## Activity
Please set down each of the lines below once more, exactly, omitting all pictures.

## Given material
_ _ _ _
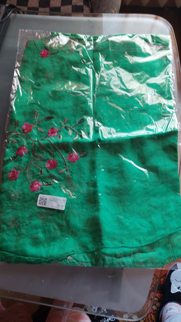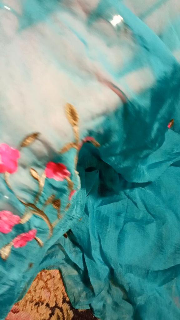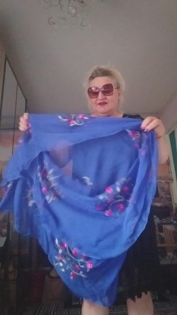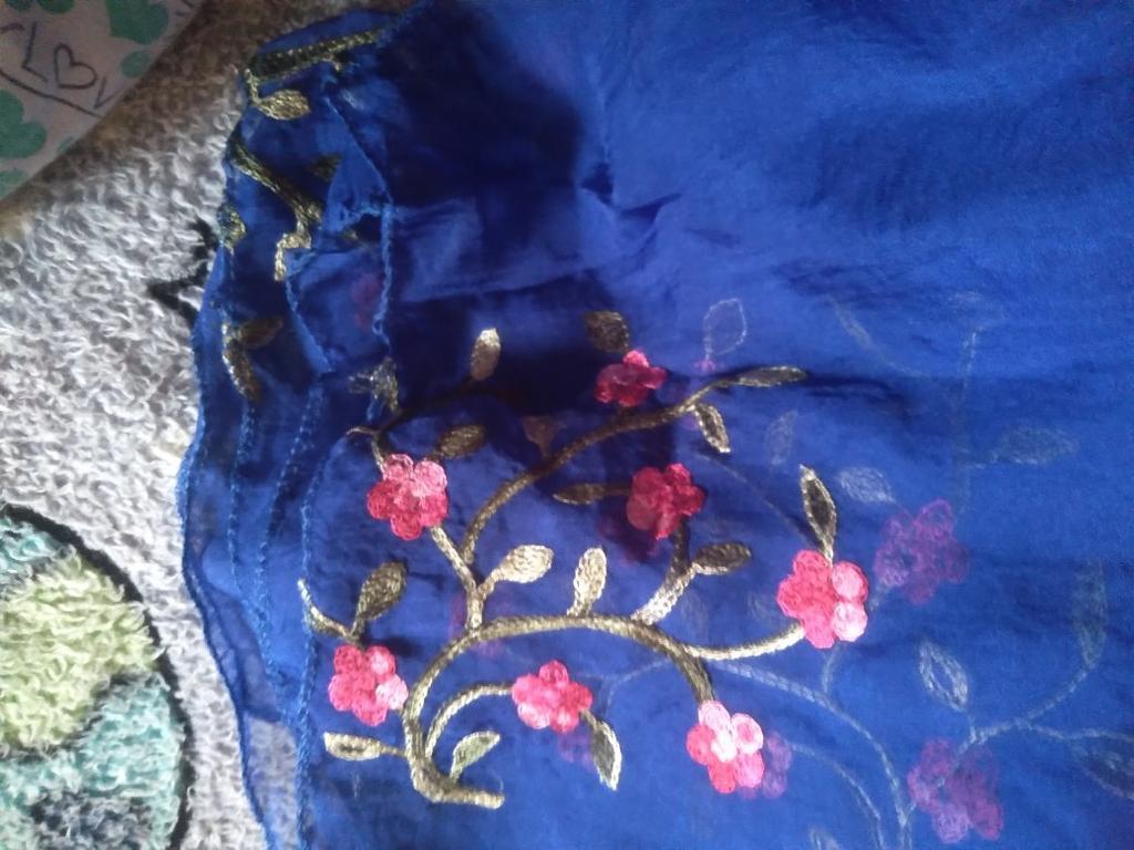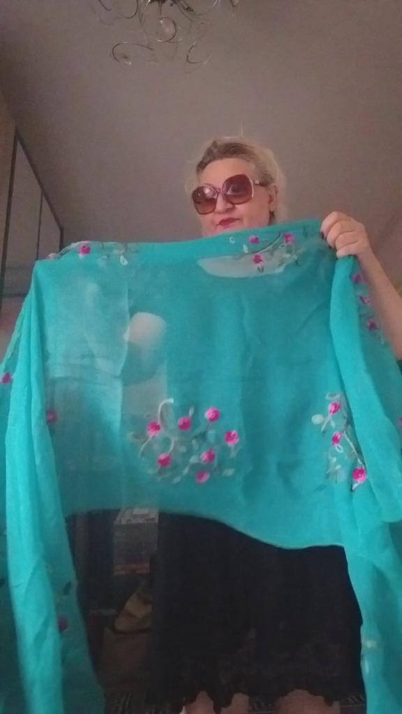 It's blue. And black very thin chiffon beautiful embroidery. You can wear it as a scarf around your neck or whatever you like. Whoever likes it. Thank you very much everyone
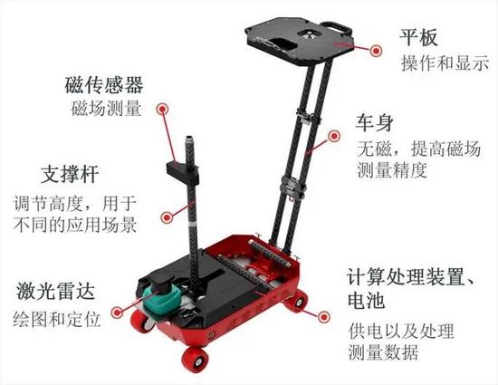 采用基于激光雷達(dá)的專業(yè)地磁測量裝置進(jìn)行地磁場數(shù)據(jù)采集,磁圖測量裝置如圖8所示。磁圖測量裝置由無磁小車、激光雷達(dá)、磁傳感器、工控板等組成。無磁小車是磁圖測量裝置的載體,所有設(shè)備都在無磁小車上安裝,推動小車在測量場地內(nèi)行走,實(shí)現(xiàn)位置和磁場數(shù)據(jù)的同步采集。采集以車作為載體,避免人為操作習(xí)慣差異導(dǎo)致的測量誤差;激光雷達(dá),通過SLAM技術(shù)實(shí)現(xiàn)室內(nèi)地圖及位置信息的測量,定位精度優(yōu)于0.1 m;磁傳感器測量磁場信息;磁場數(shù)據(jù)、激光雷達(dá)數(shù)據(jù)在工控板內(nèi)進(jìn)行同步和存儲。
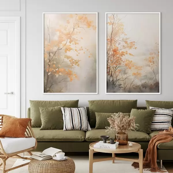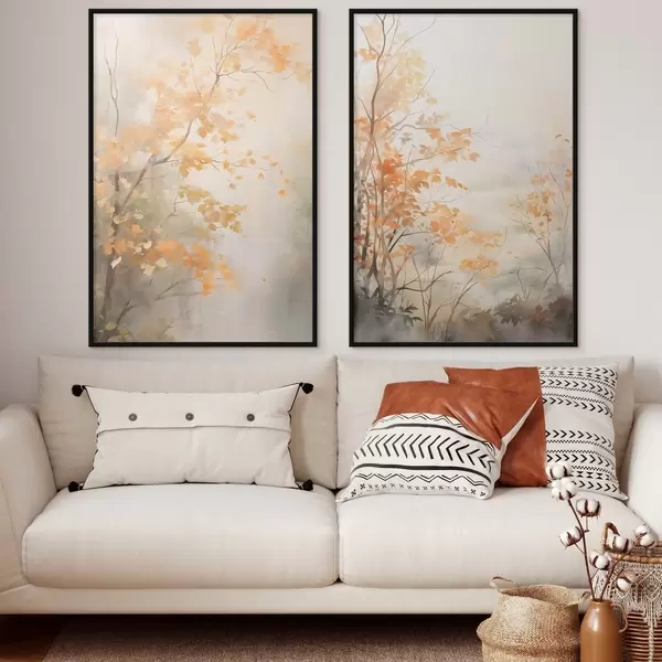 Poster Copaci de toamnă cu frunze și ramuri portocalii, stil acuarelă delicată, tușe delicate Nr d00826
_ _ _ _
## Your solution
 It's blue. And black very thin chiffon beautiful embroidery. You can wear it as a scarf around your neck or whatever you like. Whoever likes it. Thank you very much everyone
 采用基于激光雷達(dá)的專業(yè)地磁測量裝置進(jìn)行地磁場數(shù)據(jù)采集,磁圖測量裝置如圖8所示。磁圖測量裝置由無磁小車、激光雷達(dá)、磁傳感器、工控板等組成。無磁小車是磁圖測量裝置的載體,所有設(shè)備都在無磁小車上安裝,推動小車在測量場地內(nèi)行走,實(shí)現(xiàn)位置和磁場數(shù)據(jù)的同步采集。采集以車作為載體,避免人為操作習(xí)慣差異導(dǎo)致的測量誤差;激光雷達(dá),通過SLAM技術(shù)實(shí)現(xiàn)室內(nèi)地圖及位置信息的測量,定位精度優(yōu)于0.1 m;磁傳感器測量磁場信息;磁場數(shù)據(jù)、激光雷達(dá)數(shù)據(jù)在工控板內(nèi)進(jìn)行同步和存儲。
 Poster Copaci de toamnă cu frunze și ramuri portocalii, stil acuarelă delicată, tușe delicate Nr d00826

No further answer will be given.